Published online by Cambridge University Press: 05 September 2015
Finding Placement
Finding placement for a MCS patient who is severely disabled but still conscious can be difficult for social workers. Paradoxically, it is sometimes easier to find a bed if the patient is vegetative and not in MCS. The “better” diagnosis would require more specialized placement where additional elements of care such as cognitive rehabilitation and physical therapy would be available. The more gravely injured patient, ironically, places less burden on overtaxed facilities.
In one instance, I heard of a case in which a patient with traumatic brain injury, Heather Sykes, was alleged to have been deliberately misdiagnosed, or at least mislabeled as vegetative, in order to facilitate discharge to chronic care. According to her mother, Cynthia (Cindy) Sykes's retelling of her story, she was discharged from the hospital diagnosed as being in the permanent vegetative state, even though Cindy did not believe it.
I met Cindy when we were both speakers at a regional conference on TBI in the fall of 2007. She and an advanced practice nurse partnered up to tell Heather's story. It was a compelling account consistent in many ways with what I had learned from the families I had been interviewing at Cornell. As with Terry Wallis, and so many other families we have interviewed, Cindy thought she saw purposeful behaviors that would give Heather an MCS and not a vegetative diagnosis.

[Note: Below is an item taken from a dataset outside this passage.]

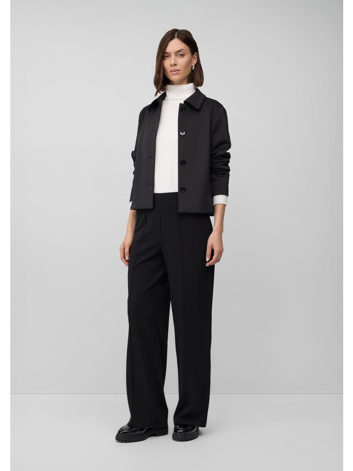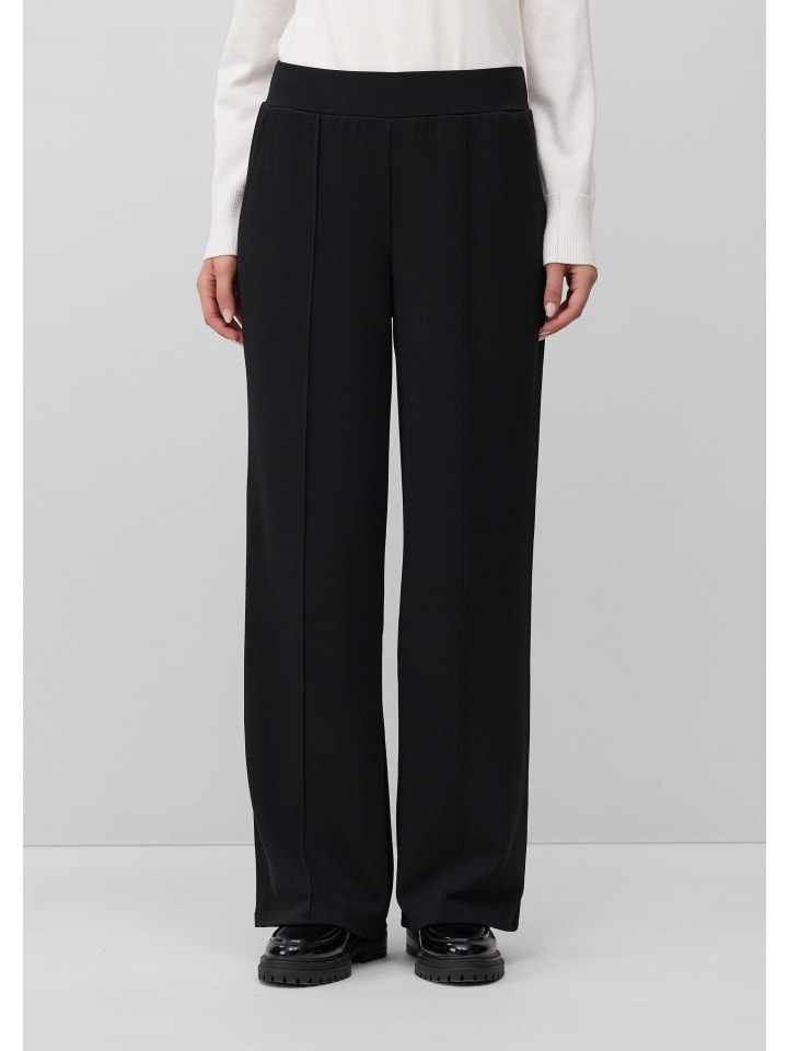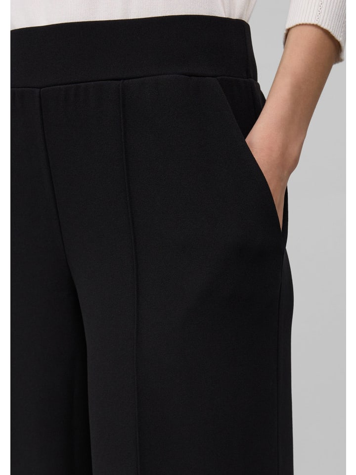 Стильная элегантность и современный комфорт: эти высококачественные брюки широкого кроя впечатляют струящимся трикотажным крепом и четкими защипами. Высокий эластичный пояс и практичные боковые карманы сочетают комфорт с классическим силуэтом. Идеально подходят для уверенного образа, как в офисе, так и на ужине.
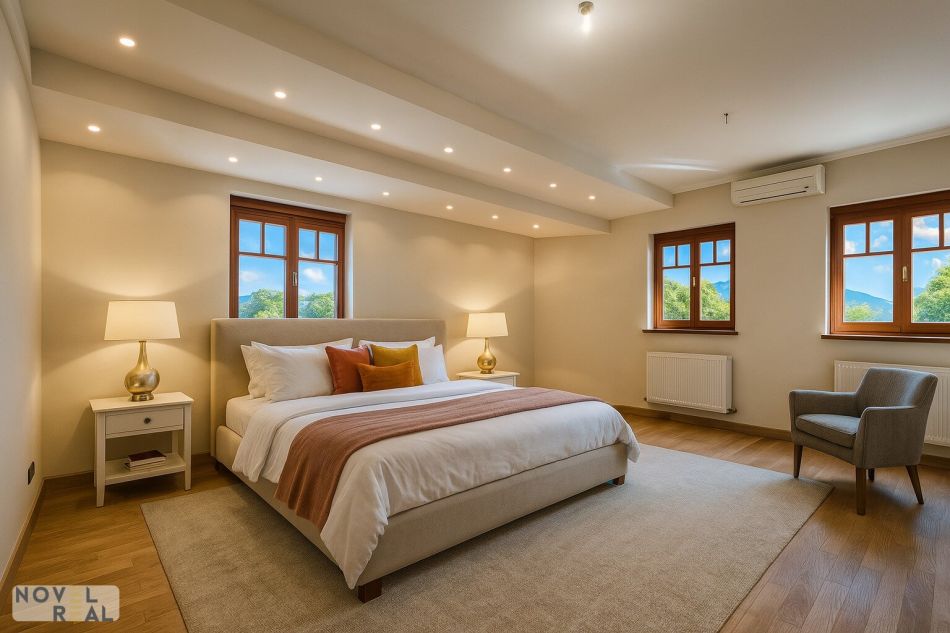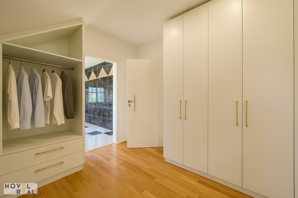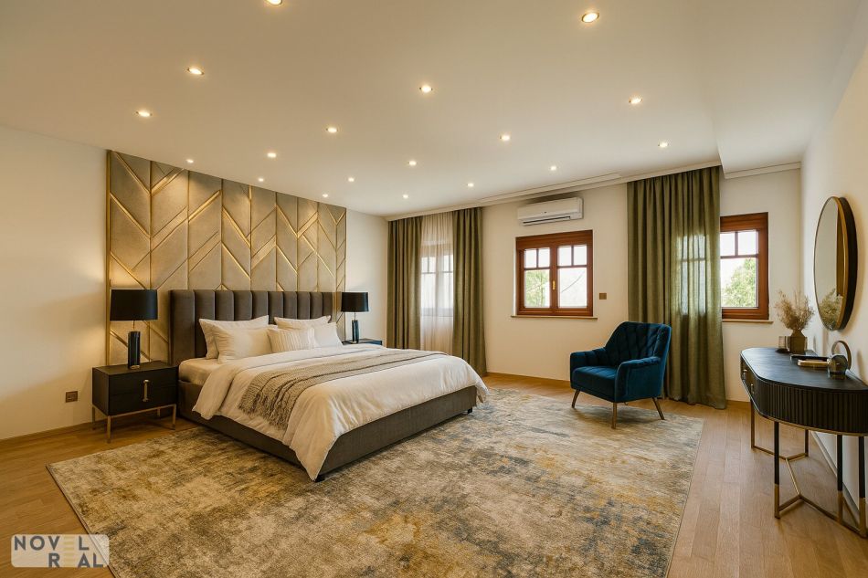 Im oberen Geschoss erstrecken sich mehrere großzügige Räume, ergänzt durch eine exklusive Master Suite entworfen im Versace Design. Jedes Zimmer beeindruckt mit einem eigenen, hochwertig ausgestatteten Badezimmer. Großflächige Fensterfronten durchfluten die Räume mit Licht und eröffnen einen atemberaubenden Ausblick – ein Wohnerlebnis auf höchstem Niveau

And that is where our experiences diverged because Cindy alleged that her daughter's misdiagnosis was more than the all too common error of omission where an MCS patient is mistaken as vegetative. Instead, she asserted that her ongoing vegetative diagnosis had became one of commission, a deliberate attempt to misrepresent her condition, and chronic care needs, in order to facilitate Heather's nursing home placement. If true, it would be an act that some might construe as diagnostic fraud orchestrated to deal with a chronic care system unprepared to accept seriously disabled but conscious patients. It is a sobering and sad story that I share with the generous permission of Cindy Sykes.